Edouard, roi d’Angleterre, mettant à exécution les projets d’iniquité qu’il avait conçus, dit-on, depuis long-temps, fit de grands préparatifs, sous le prétexte qu’il allait bientôt partir au secours de la Terre-Sainte. Ayant fait équiper des vaisseaux par ses hommes de Bayonne, ville de Gascogne, et beaucoup d’autres de son royaume, et fait faire d’immenses préparatifs de guerre il fit méchamment attaquer par mer et par terre, dans la Normandie et autres pays, les gens et sujets du roi Philippe. Il en tua, prit et retint un nombre infini, détruisit la plupart de leurs vaisseaux, et emmena en Angleterre le reste, chargé de biens et de marchandises. Les hommes du roi d’Angleterre attaquèrent aussi traîtreusement une ville du roi de France, appelée La Rochelle. Livrant un grand nombre d’assauts, ils tuèrent quelques-uns de ses défenseurs, et lui firent éprouver beaucoup de dommages. Le roi de France en ayant été instruit, manda au roi d’Angleterre et à ses délégués dans la Gascogne qu’ils envoyassent dans sa prison, à Périgueux, un certain nombre desdits malfaiteurs, pour qu’il en fît ce que la raison conseillerait et ce qu’exigerait la justice.

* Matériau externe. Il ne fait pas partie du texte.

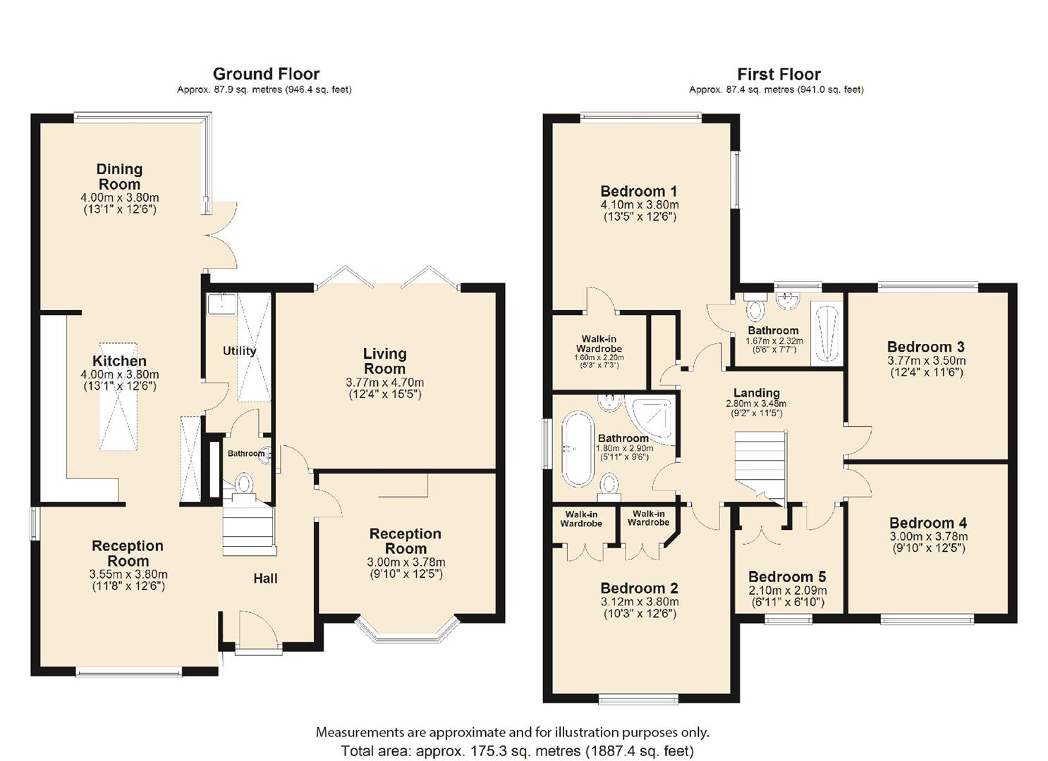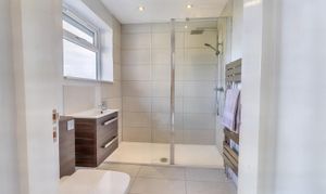 Upstairs, four well-proportioned bedrooms include a fabulous principal suite with walk-in wardrobe and a sleek en-suite featuring a double shower. Two further large doubles and a good-sized single are served by a contemporary family bathroom with both bath and separate shower.

Mais ce messager fut rejeté avec mépris et orgueil ; c’est pourquoi le roi de France fit saisir toute la Gascogne par le chevalier Raoul, connétable, seigneur de Nesle, comme lui appartenant en qualité de fief de son royaume, et fit citer à son parlement Edouard, roi d’Angleterre.

Comme Jean, comte de Hainaut, opprimait les gens et sujets du roi de France qui habitaient auprès des limites de sa terre et les églises placées sous la protection dudit roi, et ne voulait point s’amender, malgré les prières ou les injonctions royales, Charles, comte de Valois, frère du roi rassembla coutre lui par l’ordre de Philippe une grande armée près du château de Saint-Quentin, dans le Vermandois. Comme il était sur le point de l’attaquer en propre personne, Jean, comte de Hainaut, redoutant le pouvoir du roi de France, se rendit sans armes auprès de Charles, alla humblement à Paris avec lui vers le roi Philippe, et répara, selon le bon plaisir du roi, les méfaits qu’il commettait depuis long-temps envers lui et ses sujets. Le bas peuple de Rouen se révolta, à cause des exactions appelées maltôte dont il était accablé, contre les maîtres de l’échiquier, serviteurs du roi de France. Les séditieux, détruisant la maison du collecteur, semèrent par les places les deniers du fisc, et assiégèrent dans le château de la ville les maîtres de l’échiquier. Ce soulèvement ayant ensuite été apaisé par le maire et les plus riches hommes de la ville, la plupart des mutins furent pendus, et beaucoup furent renfermés dans des prisons du roi de France. Gilles Cornu, archevêque de Sens, mourut, et eut pour successeur Etienne, doyen de la même église.